HOW TO COMPLETE THIS TASK
Below are some records. Write out exactly their lines from the one with "Code Dude shared" through the one with "Ön tekerlekleri 50", and leave the pictures behind.

EXERCISE MATERIALS
═══
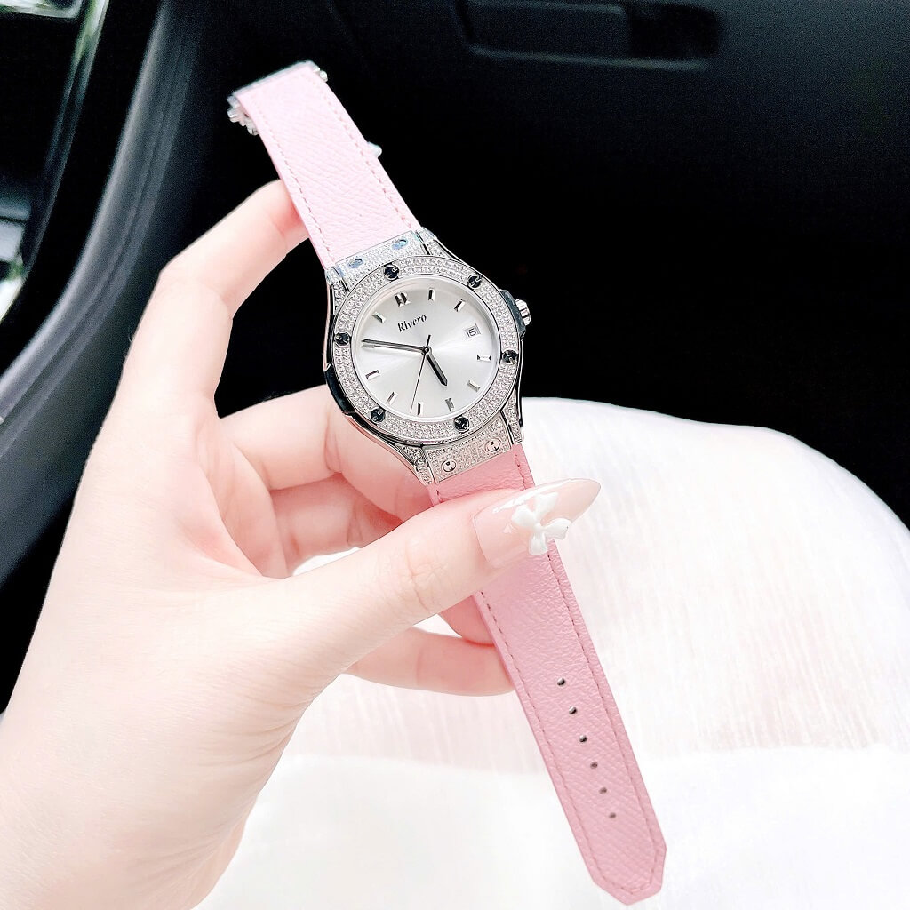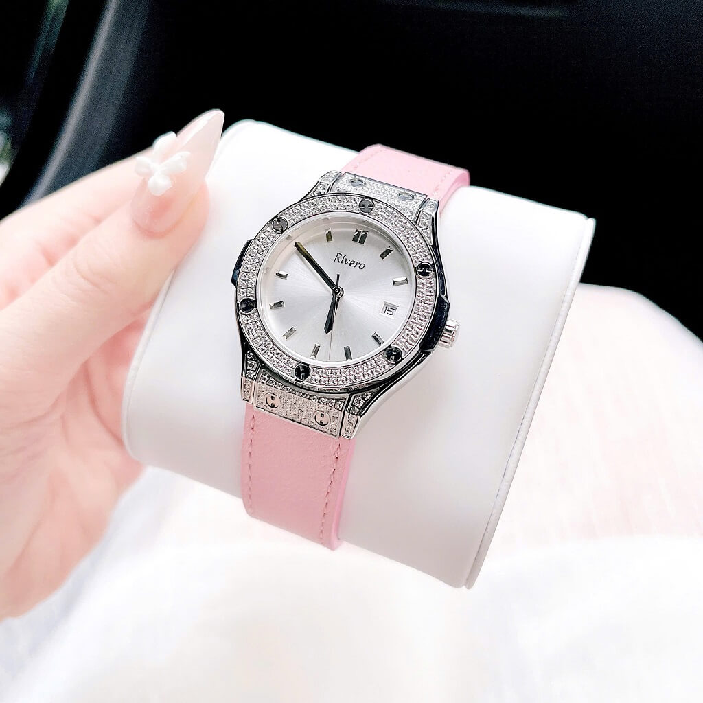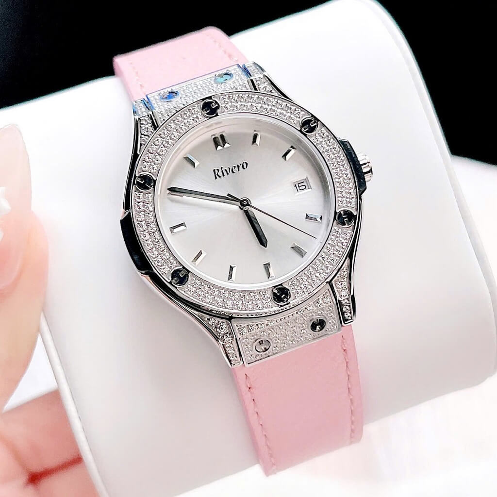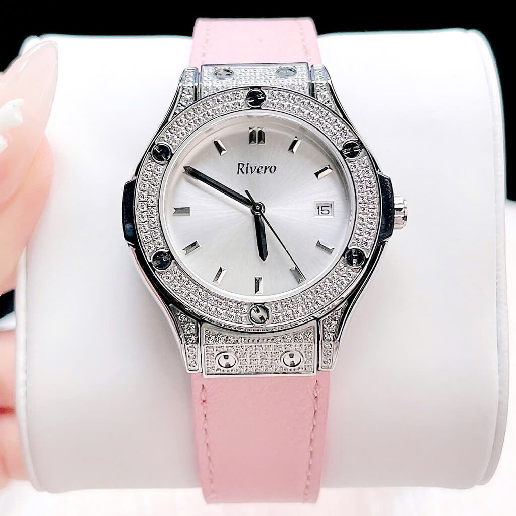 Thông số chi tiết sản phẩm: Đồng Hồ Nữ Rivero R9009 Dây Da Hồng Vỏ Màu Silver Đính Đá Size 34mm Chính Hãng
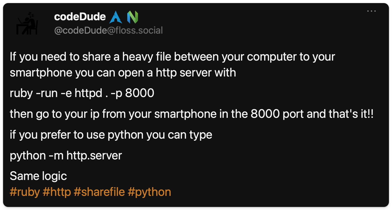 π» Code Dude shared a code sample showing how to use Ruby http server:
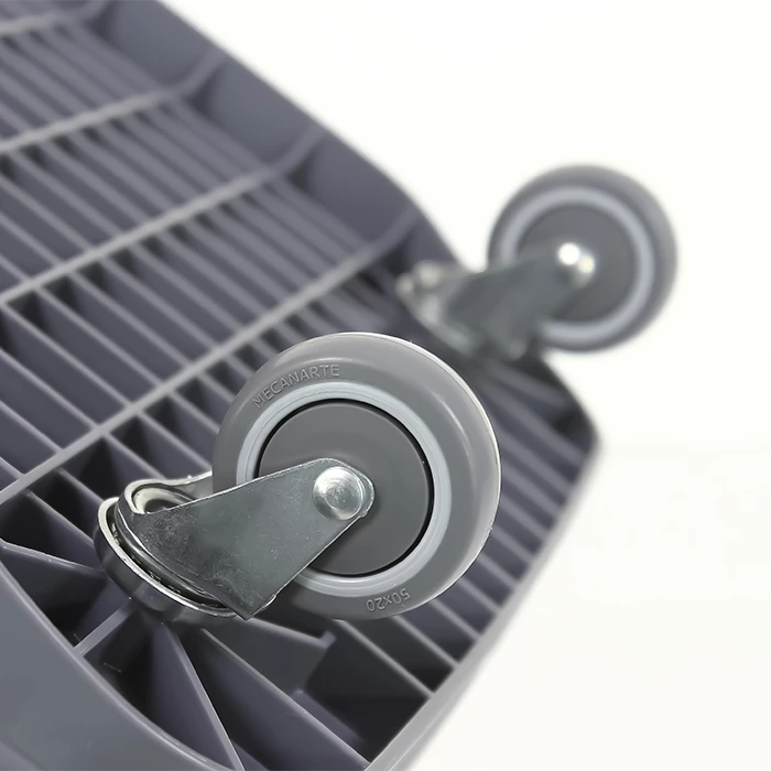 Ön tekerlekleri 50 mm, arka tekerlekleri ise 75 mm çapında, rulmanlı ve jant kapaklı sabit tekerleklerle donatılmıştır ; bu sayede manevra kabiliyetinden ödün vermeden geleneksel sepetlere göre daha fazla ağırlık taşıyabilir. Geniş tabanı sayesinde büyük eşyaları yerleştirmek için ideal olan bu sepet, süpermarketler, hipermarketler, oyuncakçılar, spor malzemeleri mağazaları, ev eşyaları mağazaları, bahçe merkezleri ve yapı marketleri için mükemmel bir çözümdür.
═══
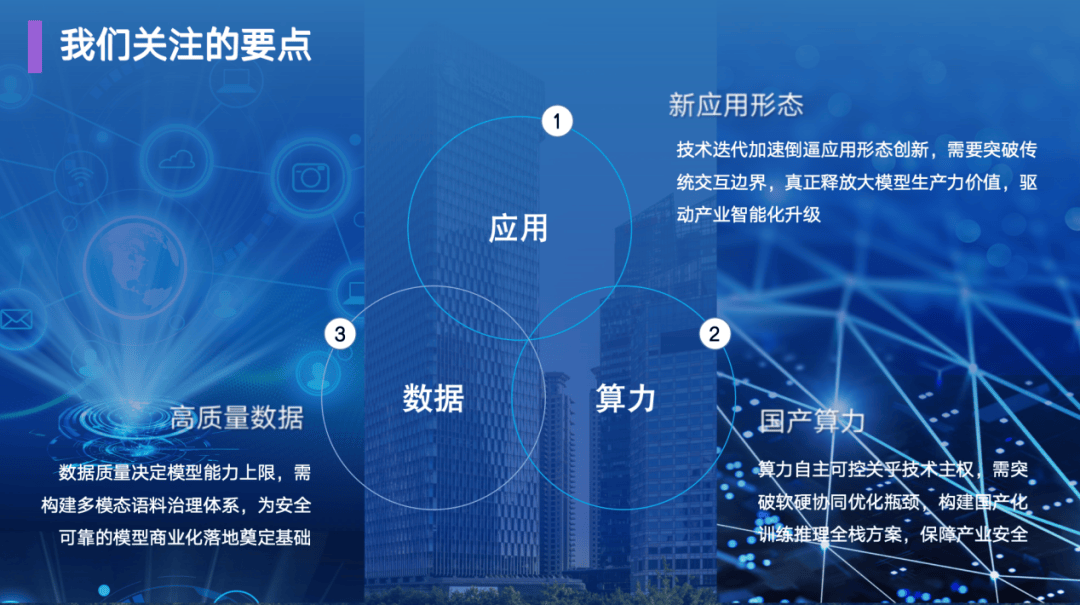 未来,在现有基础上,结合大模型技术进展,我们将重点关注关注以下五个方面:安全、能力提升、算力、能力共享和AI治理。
═══
COMPLETED TASK
 π» Code Dude shared a code sample showing how to use Ruby http server:
 Ön tekerlekleri 50 mm, arka tekerlekleri ise 75 mm çapında, rulmanlı ve jant kapaklı sabit tekerleklerle donatılmıştır ; bu sayede manevra kabiliyetinden ödün vermeden geleneksel sepetlere göre daha fazla ağırlık taşıyabilir. Geniş tabanı sayesinde büyük eşyaları yerleştirmek için ideal olan bu sepet, süpermarketler, hipermarketler, oyuncakçılar, spor malzemeleri mağazaları, ev eşyaları mağazaları, bahçe merkezleri ve yapı marketleri için mükemmel bir çözümdür.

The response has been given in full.